Liebe geht seltsame Wege (2014)

Foto: Sony Pictures Home Entertainment

Bemerkenswert, wie herkömmlich und gleichzeitig schon wieder ausgefallen eine Filmerzählung wirkt, die nichts groß hochzwirbelt, sondern den Figuren Zeit und Raum lässt. Und immer dann, wenn der Film in Gefahr ist, in einen Trab zu fallen, wechselt er in den Galopp. Ganz unvermutet macht er dann einen gewaltigen zeitlichen Satz nach vorn. Ira Sachs ist ein Meister der Ellipse und setzt sie äußerst wirkungsvoll ein. Der Zuschauer sitzt plötzlich sehr gerade und reißt die Augen auf. Musiklehrer George erklärt in einer Szene einer Klavierschülerin: „Improvisation ist gut, aber man muss immer auch das tickende Metronom hören.“ Wohl nicht zufällig beschreibt dieser Satz auch das Credo des Regisseurs. Er besteht darauf, dass alle Beteiligten sich strikt an sein Buch halten. Improvisiert wird nicht, aber die Schauspieler sollen ihre Figuren schon beim ersten Take parat haben. Sachs will überrascht werden. Keine Wiederholungen. Und immer wieder heißt es: „Don’t act!“ Das ist für Schauspieler nun wirklich eine Herausforderung, fast eine Beleidigung, aber ihrem Spiel tut es paradoxerweise ungeheuer gut.

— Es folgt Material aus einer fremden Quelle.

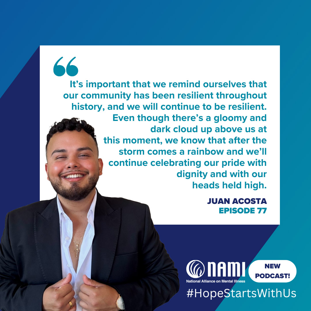 In this episode recognizing Pride Month, NAMI CEO Daniel H. Gillison, Jr. is joined by Juan Acosta, a mental health advocate and LGBTQI+ activist. During this conversation, the group explores Juan’s mental health journey, how he mixes mental health and LGBTQI+ advocacy, what change he hopes to see, and what’s next for him. They also discuss the California legislature recognizing Juan as a 2025 Pride Month honoree in 2025.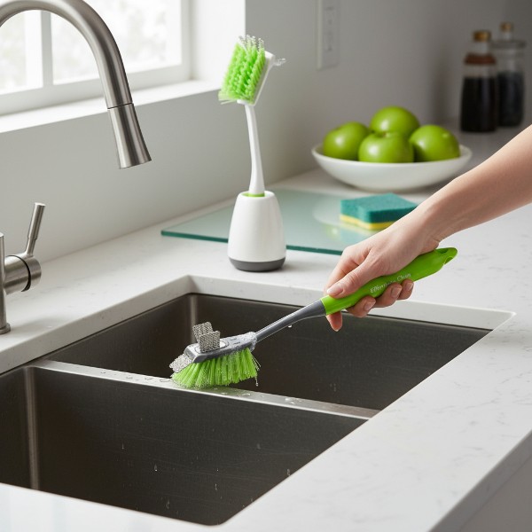 Durable multipurpose cleaning brush with a long ergonomic handle and dual-action bristles. Ideal for scrubbing sinks, tiles, and tough stains with ease.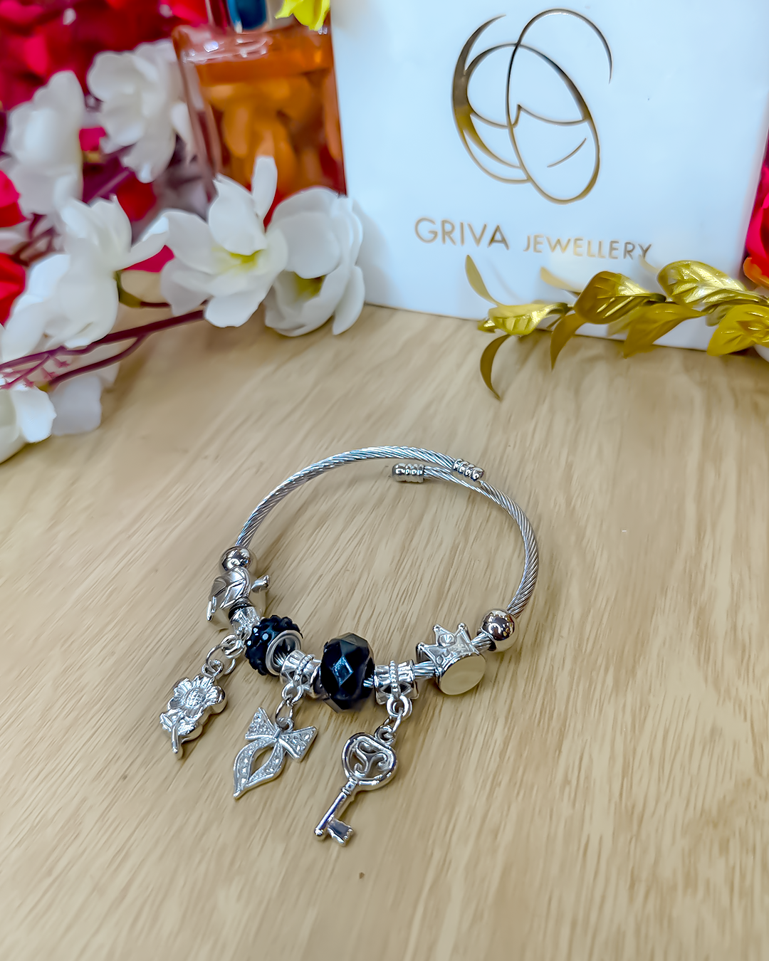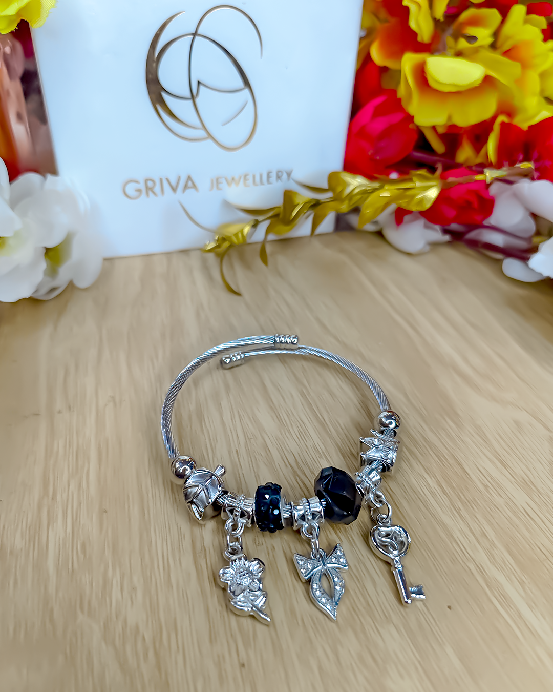 Elevate your everyday look with the Celestial Charm Bracelet, a graceful silver-toned bangle adorned with black and silver beads and whimsical hanging charms. Inspired by cosmic elegance, this piece adds a playful yet classy touch to any outfit.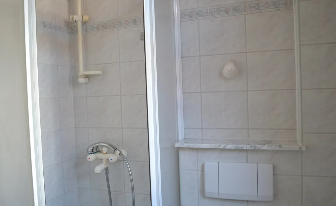 Für zwei Gäste kann bei Bedarf im Wohnbereich die Couch aufgebettet werden. Weiterhin können ein kleines Kinderreisebett und ein Hochstuhl auf Wunsch kostenlos bereit gestellt werden. Das moderne Bad ist mit Dusche, WC und Waschtisch ausgestattet und verfügt über Tageslicht.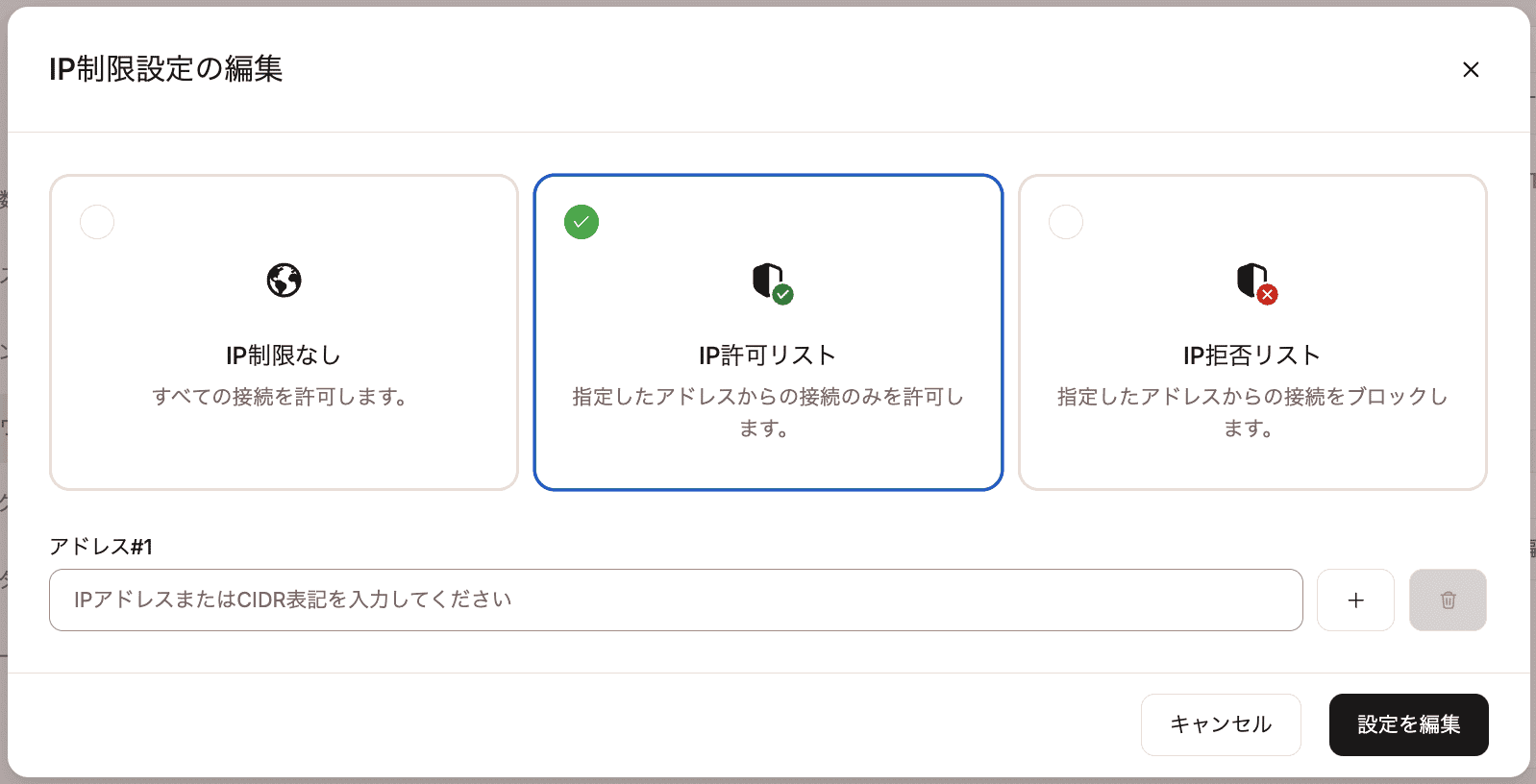 IP制限の設定を変更するには、「設定を編集」をクリックして、以下のいずれかを選択します。

aus „Das Metronom tickt“ von Matthias Frings
(sissy-Besprechung zu „Liebe geht seltsame Wege“)

Little Men (2016)

Es war ein besonderer Moment, als sich Regisseur Ira Sachs im letzten Jahr nach einer Aufführung von „Little Men“ vor dem vorwiegend jugendlichen Berlinale-Publikum auf der Bühne outete. Zum einen outete er sich als schwuler Mann, er outete sich aber vor allem, und in diesem Moment fast wichtiger, als Vater. Für einen Moment war es still im Publikum, und man konnte förmlich spüren, wie dieses von Sachs selbstverständlich und beiläufig erwähnte Konzept der Regenbogenfamilie bei manchen im Publikum erst einmal sacken musste. Er ist natürlich nicht wichtig zu wissen, dass der Regisseur, der diesen umwerfend einfühlsamen Film über die neue Freundschaft zweier New Yorker Jungs gemacht hat, selbst Vater ist, oder seit langem in New York wohnt, aber es sind kleine Schlüssel des Privaten, mit denen man die Türen zum Werk von Ira Sachs nach dem Dahinschmelzen während des Films noch einmal neu öffnen kann.

aus „Schwebende Freundschaft“ von Toby Ashraf
(sissy-Besprechung zu „Little Men“)




The Delta
von Ira Sachs
US 1996, 85 Minuten,
englische OF mit deutschen UT,
Edition Salzgeber

Hier auf DVD.

vimeo on demand

VoD: € 4,90 (Ausleihen) / € 9,90 (Kaufen)



Keep the Lights On
von Ira Sachs
USA 2012, 102 Minuten, FSK ??
englische OF mit deutschen UT,
Edition Salzgeber

Hier auf DVD.

vimeo on demand

VoD: € 4,90 (Ausleihen) / € 9,90 (Kaufen)



Liebe geht seltsame Wege
von Ira Sachs
US 2014, 91 Minuten, deutsche SF & englische OmU
Sony Pictures Home Entertainment



Little Men
von Ira Sachs
US
2016, 85 Minuten, FSK 0,
engl. OF mit deutschen UT,
Edition Salzgeber

Hier auf DVD.

vimeo on demand

VoD: € 4,90 (Ausleihen) / € 9,90 (Kaufen)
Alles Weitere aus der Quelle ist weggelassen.